Он, точно, был великолепен. Рослый, полный, смуглый, с громадными, черными глазами, которыми он ворочал медленно и неохотно, с выбритым подбородком и толстыми яркими губами. На рукавах белоснежной рубашки сверкали бриллианты. Под низковатым выпуклым лбом, казалось, не могло родиться никакой работы и никакой мысли. Ему все должно удаваться. И ему удается. Полуготовый отель, рожденный из монастыря, уже переполнен. Успех будет беспримерный.

Барон знал всех и показывал мне целый ряд таорминцев.

– Посмотрите наверх, – шепнула хозяйка. – Не правда ли, лучше других?

Наверху, в райке, у самой сцены, сидели ее четыре «девочки». Молодые лица, освещенные снизу, улыбающиеся и внимательные, были прелестны. Полненькая, белокурая Джиованина степенно улыбалась. Пранказия, смуглая красавица, оживленно и радостно смеялась, показывая тесные зубы, вся свежая, как темная роза; сзади стояла Мария, высокая, с лицом не очень оживленным, безукоризненно-прекрасным. Она была похожа на равнодушную и невинную богиню.

VII

Наш капризный и неугомонный спутник уехал. Он прожил три недели, беспрерывно жалуясь, браня Таормину и всю Сицилию сплошь. Не нравились ему и лимоны, которые здесь называются «zedra»[39]39
  «цедра» (ит.).


[Закрыть]
, величиной с порядочную дыню и такие пахучие, что их нельзя оставить на ночь в спальне; ненавидел он и длинные, желтенькие яблочки, вкусом напоминающие, вероятно, яблоко рая с древа познания зла: это яблоки, привитые к лимонному дереву, с неописуемым, тонким ароматом; не любил он даже Ионическое море, такое прекрасное после сирокко. В эти дни мы спускались к нему утром, на самые камни, ниже полотна железной дороги, которая убегала в туннель. Помню такое утро. Воздух затих с полуночи. Дождевые облака уползли за скалы. Даже Этна стояла яркая и чистая. Солнце не очень жгло – оно точно еще помнило вчерашнюю непогоду. Море прояснело, засверкало, стало золотисто-легким – но улечься, растревоженное, не хотело. И волны, громадные, одинаковые и разнообразные, бесцельно шли, падали на острые камни и разливались мыльной пеной. Когда подходила волна, торопясь и ворча, еще темная и густая, нельзя было понять, будет ли она велика. Но дойдя до гряды камней – она взлетала наверх, выше, выше, с бессильным и ненужным порывом, становилась тонкой, прозрачной, гнулась, делая на мгновенье зеленовато-стеклянную пещеру, пронизанную острым лучом солнца – и падала, не умея удержаться наверху, и разлеталась в белый, мыльный дым, который кое-где сверкал радужными искрами. И опять торопилась, неведомо зачем, умирать, – другая ворчащая волна. И хотя нельзя было понять, как они живут и зачем умирают – мне нравилось сидеть и смотреть, не думая, на этот однообразный ряд смертей, на погибающие волны, такие высокие, шумные и прекрасные. И чем зеленее, больше и прекраснее была волна – тем пышнее и торжественнее она умирала, при громе, похожем на пушечные выстрелы. А разбитая вода журчащими струйками спешила назад, чтобы успеть превратиться в такую же волну, совсем такую же – но не ту.
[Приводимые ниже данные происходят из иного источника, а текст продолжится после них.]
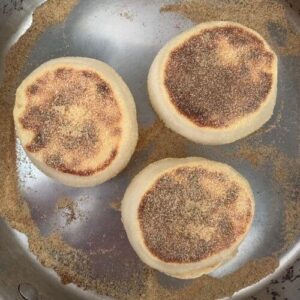Heat a fry pan or skillet on the stove top. You want a medium heat - you don't want to burn the outside and leave the inside raw, so just keep an eye on them and adjust as you need to. Place 4 - 6 muffins in your skillet, cover with the lid and cook for around 6 minutes on each side. There is no need for oil or butter, the corn meal will protect them from sticking. Turn them over once you see the dough bubbling (they will be puffed up from the heat).Once they are golden on each side, take off the heat and allow to cool. Repeat the process until all of the muffins are cooked.

Почему-то именно после такого утра товарищ наш бесповоротно решился уехать. Почувствовал ли он тогда в первый раз жизнь и дыханье таорминской природы, которую упрямо продолжал видеть мертвой, и убежал, не желая уступить себе самому; действительно ли ему было скучно – Бог его знает; уехал угрюмо и дико, и чувствовалось, глядя на него, что ничто и никто ему не поможет.

Все шло по-прежнему, только солнышко делалось ярче и жарче, да порою откуда-то, точно снизу, долетала невидимая, густая волна сладкого запаха цветов Португалии. Fiori di Portugallo – здесь так называются апельсинные цветы. Таормина теплела, разрасталась, распускалась – и с каждым днем казалась мне все более грустной. Набегающие, бессмысленные людские волны, только не прекрасные, как волны моря, – шумели и отливали. Каждый день тянулись по извилистой белой дороге экипажи с людьми, которые уезжали, которые исчезнут навсегда, и отъезд их – такой же ненужный и нерадостный, как нерадостен был приезд. Налет серой грусти, как полузаметный слой пыли, лежит на сверкающей Таормине; ее не знают, она чужая, она не живая – для этих случайных людей.

Мы были с хозяйкой в городе в солнечный ранний вечер, и нас удивило уличное оживление.

– Как, синьора, вы не знаете? – сказала толстая женщина из макаронной лавки. – Сегодня большие процессии. И завтра, и послезавтра… Сегодня Страстной Четверг. Будет процессия с музыкой и зайдет в Сан-Доменико. Пойдут сверху. Да уж идут!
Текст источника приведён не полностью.